To explore possible changes in expression and/or function of α1- and β-adrenoceptor subtypes as a cause for bladder dysfunction in a rat model of bladder outlet obstruction (BOO).

Methods

BOO was induced in rats by partial urethral ligature. Contraction and relaxation experiments were performed with isolated bladder strips from BOO, sham-operated and non-operated (control) rats 7 days after BOO induction. mRNA expression of α1- and β-adrenoceptor subtypes was assessed by quantitative real-time PCR.

Results

Receptor-independent contraction or relaxation did not differ between BOO and sham rats.
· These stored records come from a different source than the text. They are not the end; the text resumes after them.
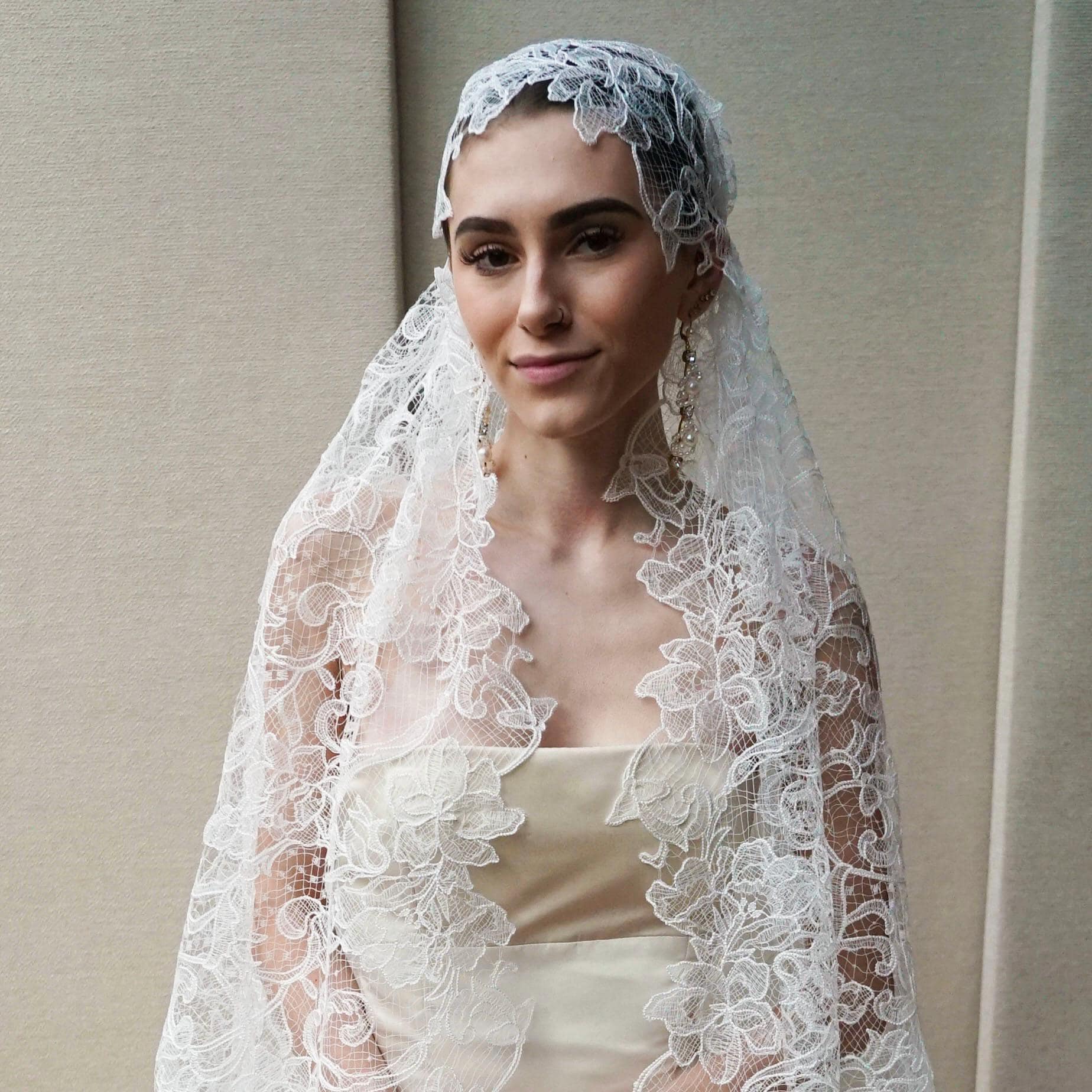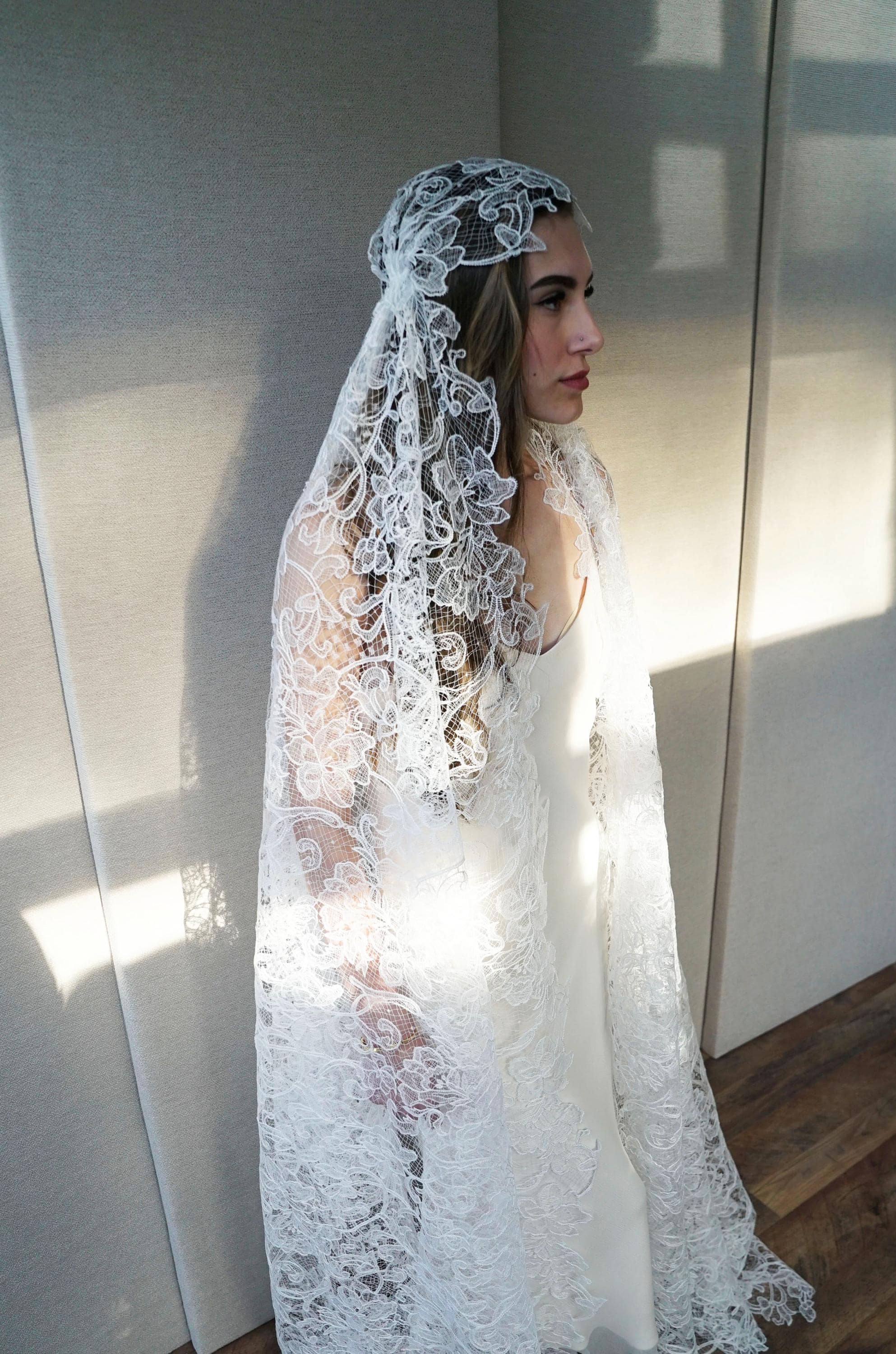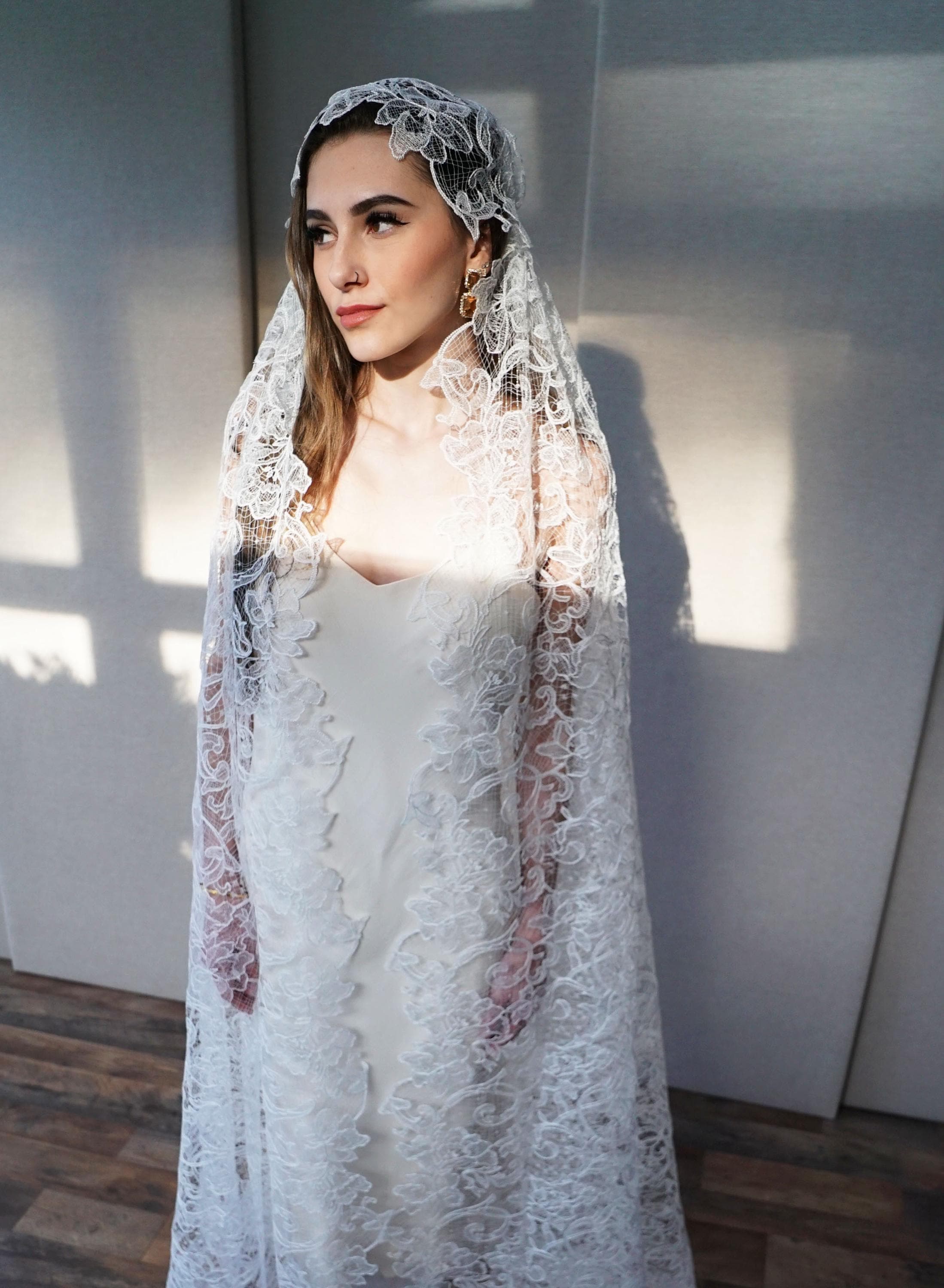 Juliet Cap Veil, Bridal veil long and delicate, Wedding veil Chantilly lace Vintage Style veil, Floor Length, Ballet Length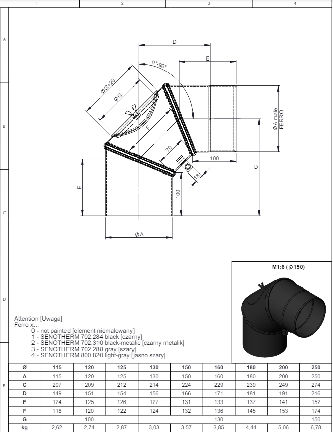 Kolano stalowe regulowane 0-90° fi130 z rewizją czarne gr. 2mm przyłączeniowe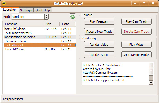 BattleDirector is an application for Battlefield movie directors. It streamlines the moviemaking process by allowing filmmakers to go from BFR to AVI in simple steps. The simple GUI provides all the tools you need with one-click access. The Sir. Community utilizes BattleDirector for all its professional-quality productions.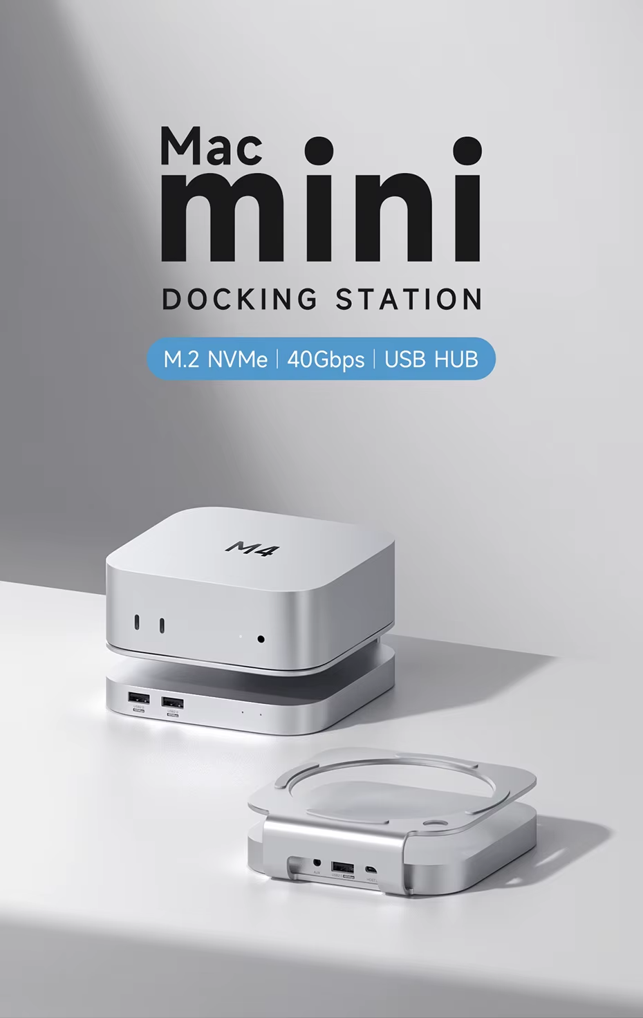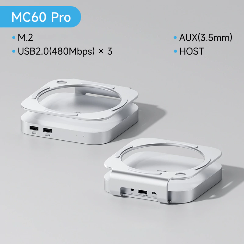 MC60 Pro — Hub USB-C com gabinete M.2 NVMe para Mac Mini M4: Expanda portas, aumente o armazenamento e aproveite até 40Gbps de velocidade: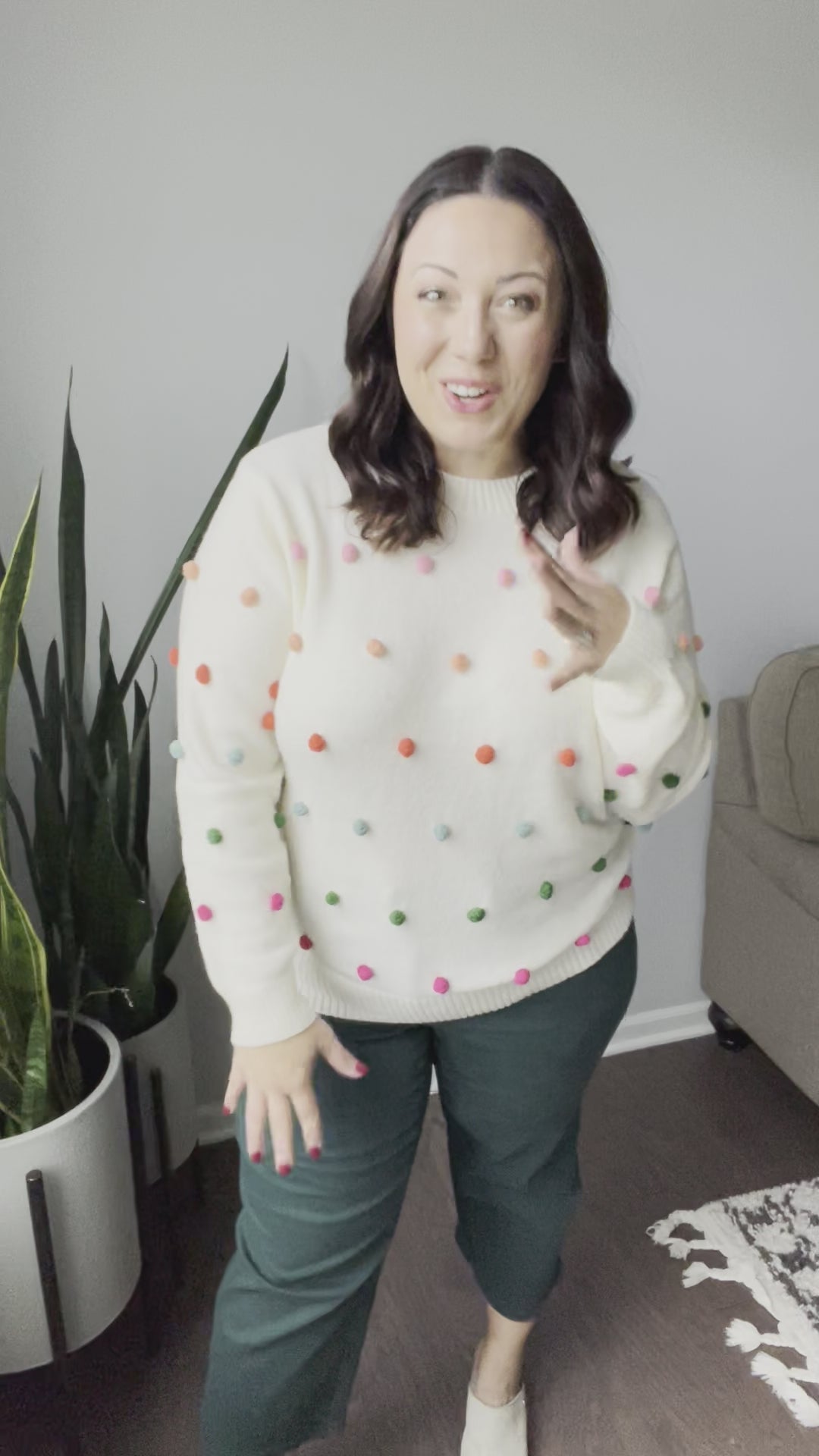 This Candy Buttons sweater features a cozy knit with rainbow-hued pom pom details for a unique look. The round neckline and long sleeves provide a comfortable fit, while ribbed hems complete the design. Cozy and stylish–all in one!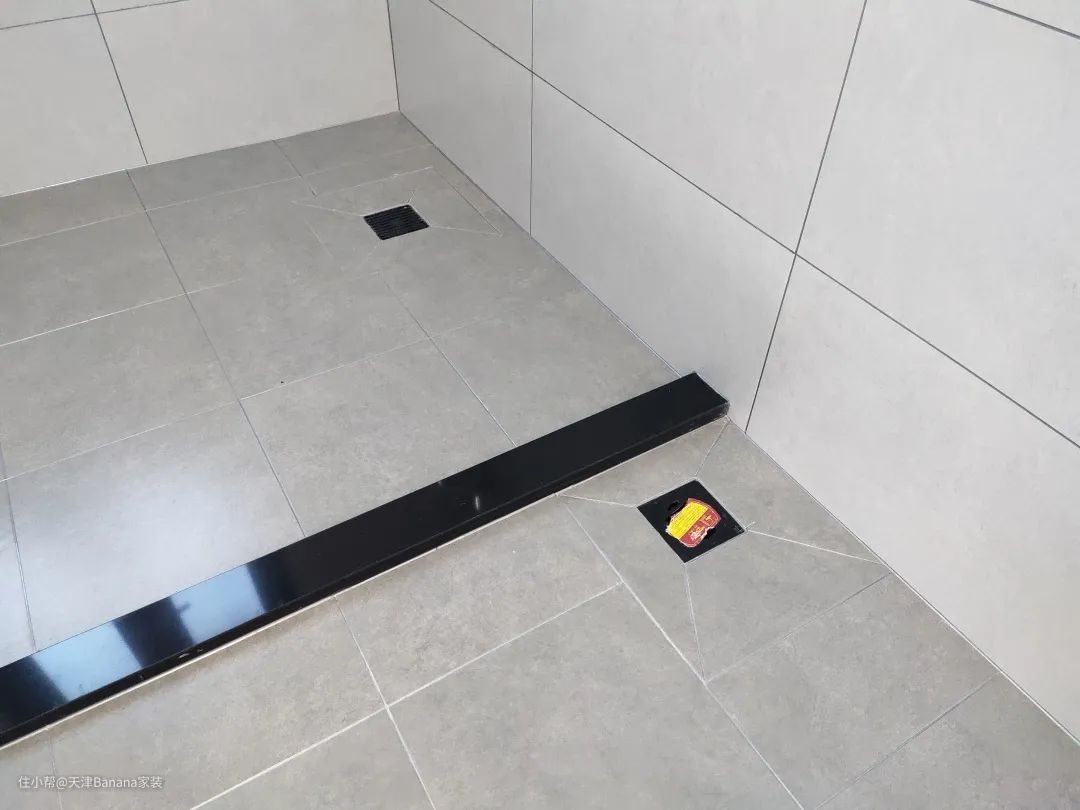 卫生间原始户型只有一个地漏,位于基石以内。于是在基石外预留了一个地漏,避免卫生间跑水的情况发生。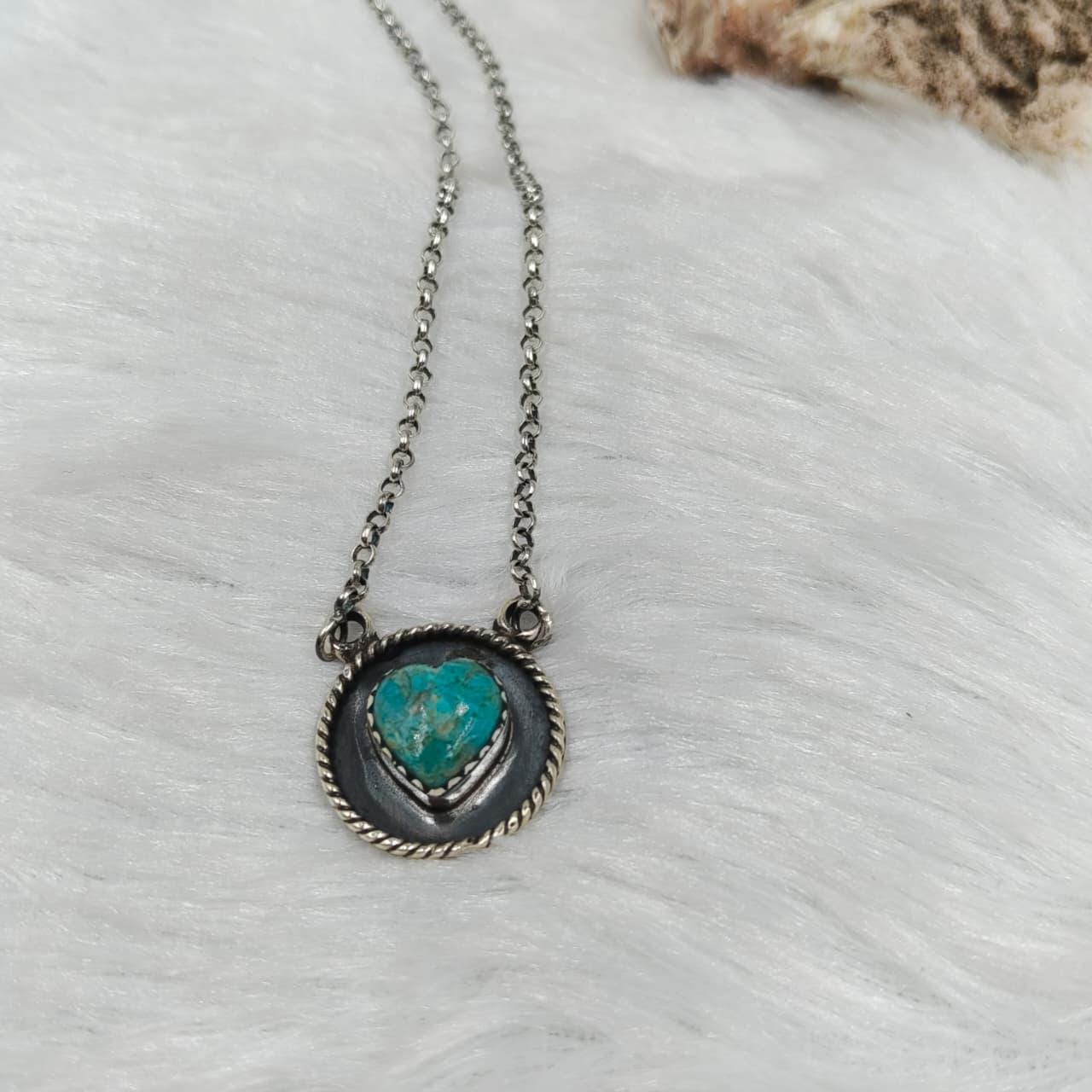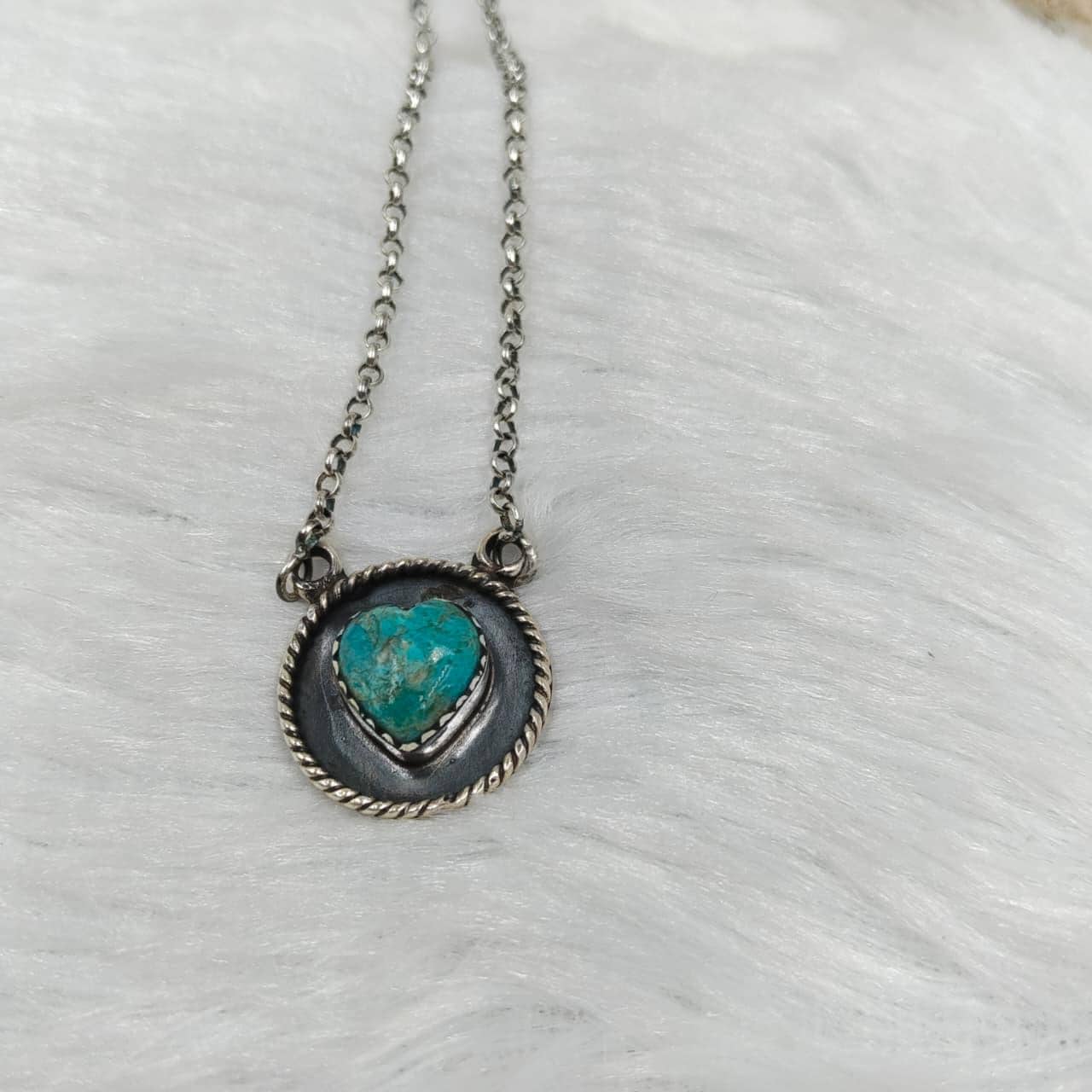 Turquoise & Sterling Silver Necklace. It measures 20 inches long with hang while the chain measures 18 inches long. Signed stamped sterling silver.
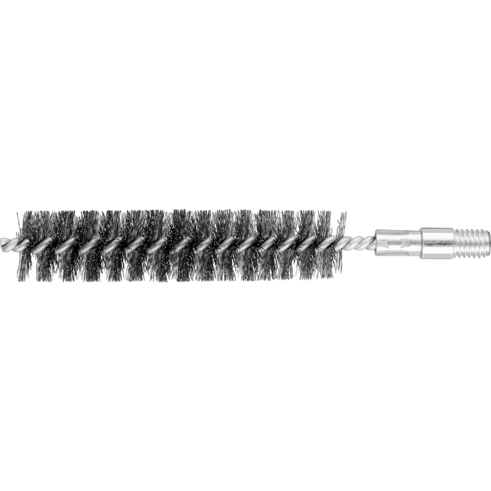 Speziell zum Entgraten und Reinigen von Rohren, Gewinden, Muffen und Zylindern geeignet. Stahldraht ist das gebräuchlichste Besatzmaterial. Bürsten mit dem Besatzmaterial Stahldraht eignen sich besonders gut zur Oberflächenbearbeitung und zum Entgraten. PFERD TOOLS Spezialdraht verfügt über eine hohe Zug- und Biegewechselfestigkeit. Dieser gewährleistet eine optimale Abnutzung des Drahtes sowie eine hohe Standzeit, auch bei extremen Bürstanwendungen. Stahldraht hält Temperaturen bis 300 °C stand. Neben dem Gewinde verfügt diese Innenbürste zusätzlich über einen 10 mm Schaftansatz.

The α1-agonists methoxamine and A-61,603 caused only weak contraction without major differences between groups. Against KCl-induced tone, the β-adrenoceptor agonists noradrenaline and isoprenaline caused similar relaxation in BOO and sham rats, whereas relaxation in response to the β3-selective BRL 37,344 was attenuated. Against passive tension, noradrenaline induced relaxation in sham and control rats; in contrast, noradrenaline induced contraction at low concentrations and relaxation at high concentrations in BOO rats. The contraction component was abolished by the α1-antagonist prazosin. The mRNA expression of α1D-adrenoceptors was increased in BOO, whereas none of the other receptor mRNAs were up-regulated.

Conclusions

In a rat BOO model, weak contraction responses to α1-agonists and relaxation responses to β-agonists are not altered to a major extent. Nevertheless, relaxation responses to the endogenous agonist noradrenaline are turned into α1-adrenoceptor-mediated contraction responses in BOO, possibly due to an up-regulation of α1D-adrenoceptors. Neurourol. Urodynam. 28:349–355, 2009. © 2008 Wiley-Liss, Inc.